Jonathan got on his feet and the soldier handed him his rifle and he looked at it as if for the first time. Kill some Yankees for your brother… It would do Nathaniel no good that he could think of. He was not sure, for all his high talk, that Nathaniel had ever really wanted to kill Yankees. He, Jonathan, might well be shot down too, and his body and Nathaniel’s would be rolled into a common grave and their bones would mix with the bones of others and there would be no indication at all that they had ever been.
Nathaniel buried in an anonymous grave. The thought horrified him. Their father and mother never having a notion of what had become of their son, their beautiful Nathaniel. He could not let that happen.
The soldier was five paces ahead and walking away and Johnathan chased after him, fell into step at his side. The man looked up at him, nodded his approval, then turned his eyes to the front, where the enemy waited.
They were up at the fence again. Jonathan looked to his left and right. He could see Jackson ’s brigade stretched across the crest of the hill, thousands of men in various shades of gray and blue, thousands of men who were ready to kill, men who were prepared to walk into that flying river of iron, when sane people would cower or run.
First Brigade poured like a river over the fence. They paused and shouldered rifles and pointed them at the blue lines in their front. Jonathan saw cannons and horses over the top of his barrel. He pulled the trigger and the hammer snapped down on the nipple but the expected jolt did not happen because the gun was not loaded.
He dropped the butt to the ground, reached for a cartridge. He could hear bullets splinter the rail behind him. His kepi moved a bit as some flying ordnance passed by. He felt as if he himself was in a different place, some place where those bullets could not reach him.
He finished the manual of arms, raised the rifle, pulled the trigger, stepped off with the rest as they advanced on the bluebellies. The bullets danced on the dry ground and sent up tiny dust clouds like the first drops of heavy rain on a dry summer afternoon. The thunder of the guns rolled on and on.
The line stopped and they loaded and fired and moved on, their advance accompanied by the weird yelping battle cry that had spread through the army. The Yankees seemed to be backing away.

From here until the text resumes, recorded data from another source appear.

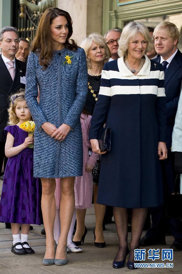 3月1日,英国剑桥公爵夫人、威廉王子的妻子凯特王妃(左)在英国伦敦参访一家食品仓库时身着灰蓝花色外套并搭配灰色高跟鞋。新华社/路透(程婷婷编辑)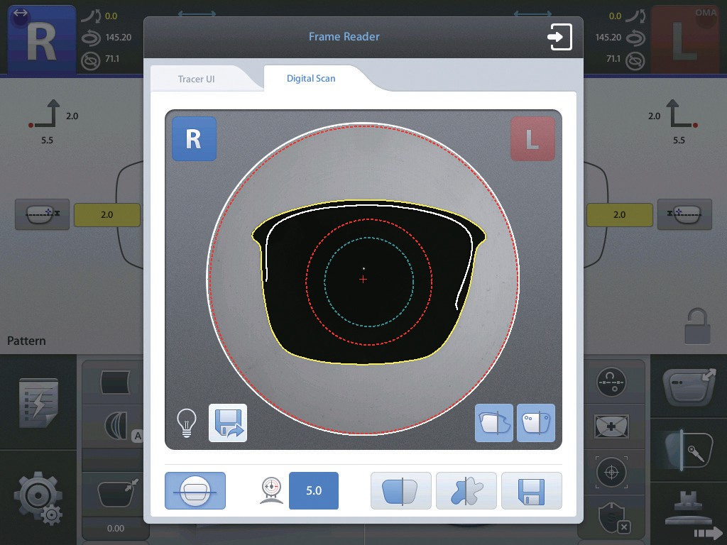 Ассистент при блокировании: Захват, проверка установки блока, его крепления, камера с зумом, проверка размера линзы, регулировка PD/OH в реальном времени, автоматическая регулировка яркости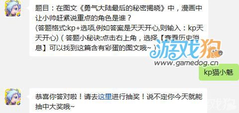 今天问题的答案是猫小魅,玩家们只要回复kp猫小魅就行啦。另外建议大家都把答案记住哦,回答正确之后就能领奖啦。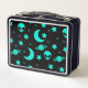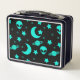 Turquoise Alien Pattern with Stars and Moons Metal Lunch Box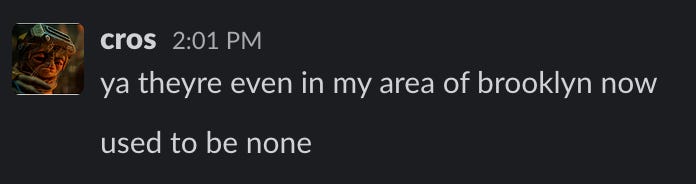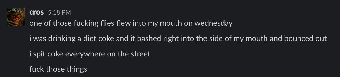 But here’s the problem: the lanternflies don’t seem to be getting the message. They are everywhere these days—in the parks, on the streets, presumably menacing our youth and scaring our more excitable pets. And they’re hanging around in clusters more than they were. I did some reporting (asked in Slack) and found I was not alone: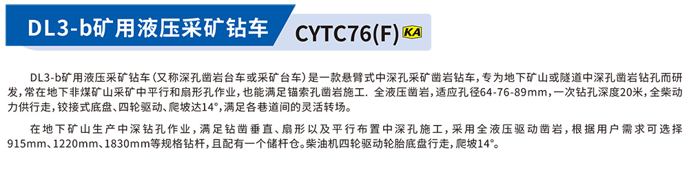 DL3-b礦用液壓采礦鉆車(又稱深孔鑿巖臺車或采礦臺車)是一款懸臂式中深孔采礦鑿巖鉆車,專為地下礦山或隧道中深孔鑿巖鉆孔而研發(fā),常在地下非煤礦山采礦中平行和扇形孔作業(yè),也能滿足錨索孔鑿巖施工,全液壓鑿巖,適應(yīng)孔徑64-76-89mm,一次鉆孔深度20米,全柴動力供行走,鉸接式底盤、四輪驅(qū)動、爬坡達(dá)14°,滿足各巷道間的靈活轉(zhuǎn)場。在地下礦山生產(chǎn)中深鉆孔作業(yè),滿足鉆鑿垂直、扇形以及平行布置中深孔施工,采用全液壓驅(qū)動鑿巖,根據(jù)用戶需求可選擇915mm、1220mm、1830mm等規(guī)格鉆桿,且配有一個儲桿倉。柴油機(jī)四輪驅(qū)動輪胎底盤行走,爬坡14°。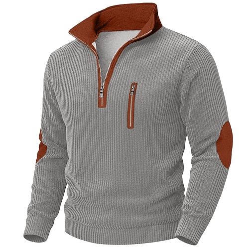 Per uomo Camicia di Velluto a Coste Maglietta Camicia a Maniche Lunghe Camicie da uomo con toppe sui gomiti Manica Lunga Collo Alto Con cerniera Autunno Autunno Inverno Blocco di colori Quotidiano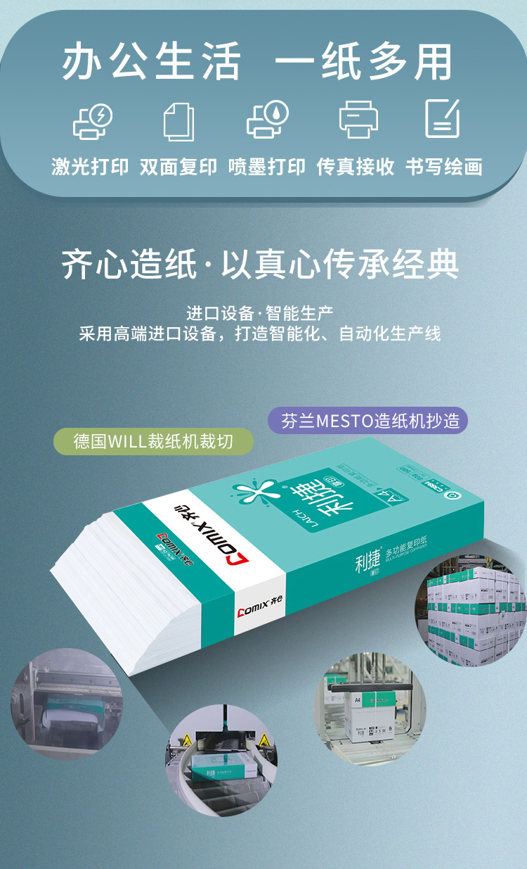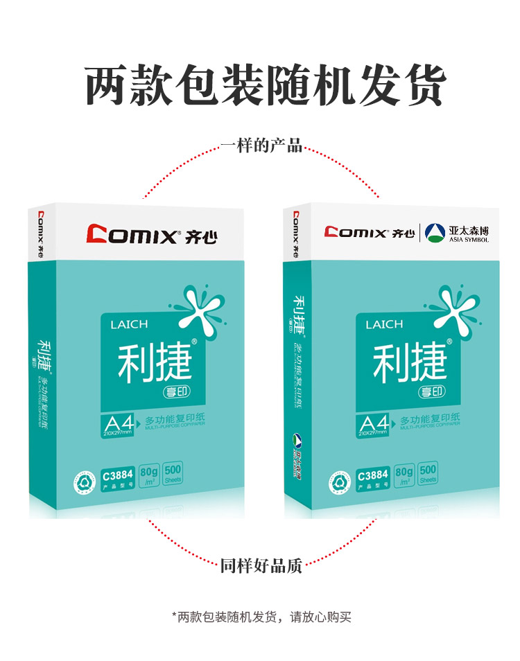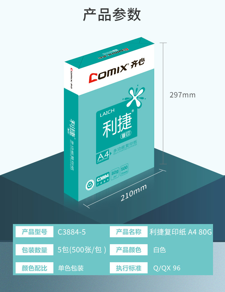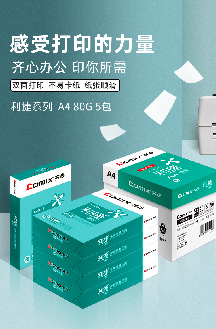 齐心(Comix)利捷 80g A4 复印纸 500张/包 5包/箱(2500张) C3884-5

Advance, stop, fire, advance; the Confederates slowly gained back the ground they had already won and lost once that afternoon.

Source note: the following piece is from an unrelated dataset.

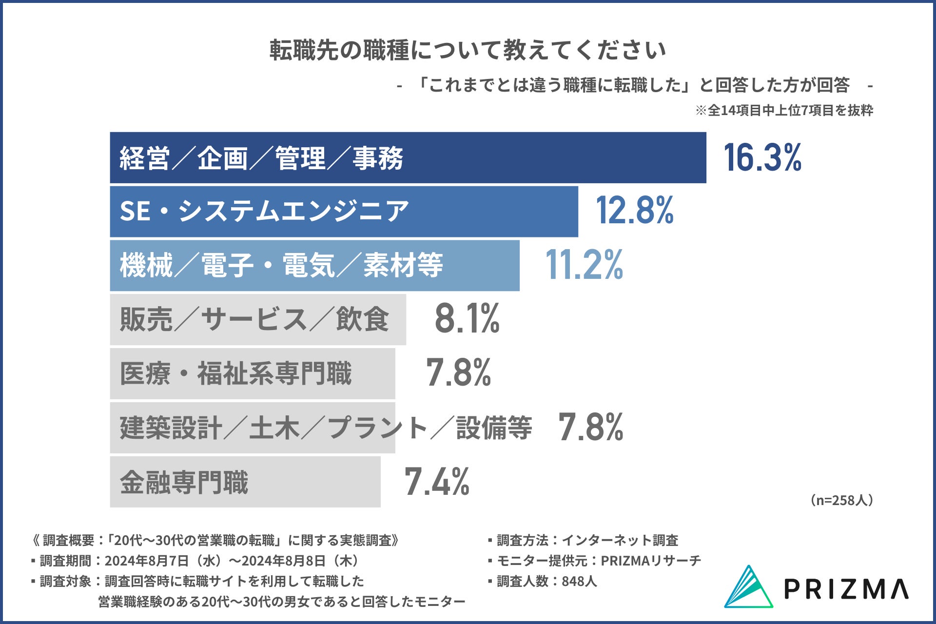 営業職からの転職「経営/企画/管理/事務」が最も多い結果に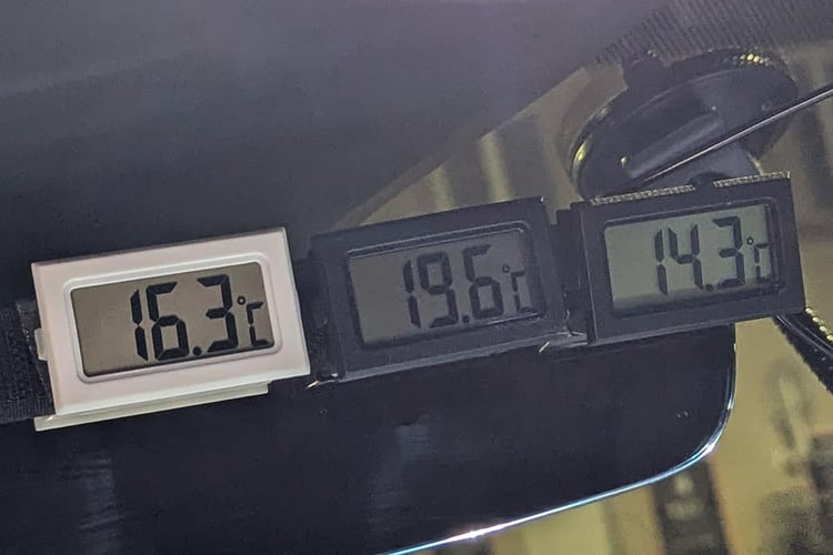 Afin de mettre toutes les voitures au même niveau, nous les équipons donc d’au moins trois thermomètres. La sonde placée à l’extérieur permet de contrôler en temps réel la température ambiante et son évolution. Installé entre les deux sièges avant à hauteur de la tête des passagers, le capteur intérieur doit afficher 20 °C (tolérance de +/- 0,5 °C). Enfin, la dernière, plantée dans une buse d’aération fonctionnelle, sert à contrôler la température produite par la climatisation. Seuls les deux premiers capteurs donnent le feu vert pour lancer les mesures. La dernière permet de vérifier que tout soit en ordre, ou les éventuels écarts de la climatisation sur le trajet. Le contrôle des conditions thermiques extérieures et intérieures est la clé pour mesurer avec précision la consommation des voitures électriques et cette méthode est une exclusivité Automobile Propre !

Jonathan could see the artillery park now, the heaps of dead men and horses, the guns that the Yankees had not managed to pull back to their lines. He could see Nathaniel, lying as he had left him, on his back, arms flung out, and he started toward him.
“Hey, Mississippi, where the hell you going?” the soldier called, but Jonathan just crouched and ran forward, as if running through a hailstorm. A bullet grazed his arm, it felt like a cut from a knife, but it did not slow him.
Jonathan covered the distance fast and then he was among the dead and the guns, kneeling at Nathaniel’s side, crouched low as the bullets whipped over his head. He rolled his brother’s body half over. It felt stiff and unyielding, not like a living thing at all. He plunged his hand into Nathaniel’s pack, felt around for the old journal he knew was there. His fingers brushed against the soft leather cover and he grabbed it and worked it out of the knapsack, held it in his hands, glanced up.
The Yankees were still falling back in the face of Jackson’s advance, but there were more bluebellies forming at the base of the hill and tramping up, their units still in good order, tight squares of marching men.
Jonathan paused in his task long enough to load and aim and pull the trigger once more. He laid his rifle aside, snatched up the notebook. He flipped to a blank page, pulled the pencil out of the binding.
Nathaniel James Paine, Company D, 18th Mississippi, 3rd Brigade, son of Robley and Katherine Paine, Yazoo, Mississippi. Please God send me home to be buried in my native earth.